A polyamic acid ester having a repeating unit represented by the following formula (1), a polyamic acid having a repeating unit represented by the following formula (2), and an organic solvent, the weight average of the polyamic acid ester The liquid crystal aligning agent characterized by the molecular weight being smaller than the weight average molecular weight of the said polyamic acid.

(In Formula (1) and Formula (2), X ₁ and X ₂ are each independently a tetravalent organic group, and Y ₁ and Y ₂ are each independently a divalent organic group. ₁ is an alkyl group having 1 to 5 carbon atoms, and A ₁ and A ₂ are each independently a hydrogen atom, or an optionally substituted alkyl group, alkenyl group, or alkynyl group having 1 to 10 carbon atoms. Group.)   The content of the polyamic acid ester and the content of the polyamic acid are 1/9 to 9/1 in a mass ratio of (content of polyamic acid ester / content of polyamic acid). Liquid crystal aligning agent.   The liquid crystal aligning agent of Claim 1 or 2 whose total content of the said polyamic acid ester and polyamic acid is 0.5-15 mass% with respect to the organic solvent.   The liquid crystal aligning agent in any one of Claims 1-3 whose weight average molecular weight of the said polyamic acid ester is 1000-100,000 smaller than the weight average molecular weight of the said polyamic acid. X ₁ and X ₂ in formula (1) and formula (2) are each independently at least one selected from the group consisting of structures represented by the following formulas.
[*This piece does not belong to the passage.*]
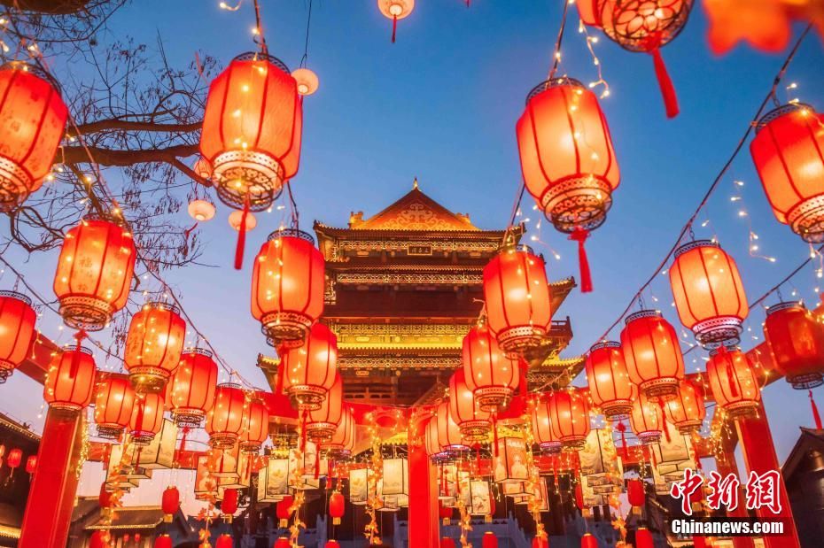 1月30日晚,许多市民、游客在日照莒国古城赏花灯,看“非遗”技艺、传统民俗展演。一盏盏新春花灯流光溢彩,将莒国古城装扮的璀璨夺目。中新网

Liquid crystal aligning agent.

The liquid crystal aligning agent according to claim 1, wherein Y ₁ in the formula (1) is at least one selected from the group consisting of structures represented by the following formulas.

In the formula (2), the liquid crystal alignment agent according to any one of claims 1 to 6, Y ₂ is at least one selected from the group consisting of structures represented by the following formula.

The liquid crystal aligning film obtained from the liquid crystal aligning agent in any one of Claims 1-7. Method for manufacturing a liquid crystal alignment film a liquid crystal alignment agent according to any one of claims 1 to 7 is applied to a substrate and baked. The manufacturing method of the liquid crystal aligning film which irradiates the radiation which polarized the liquid crystal aligning agent in any one of Claims 1-7 on a board | substrate, baked, and obtained the film.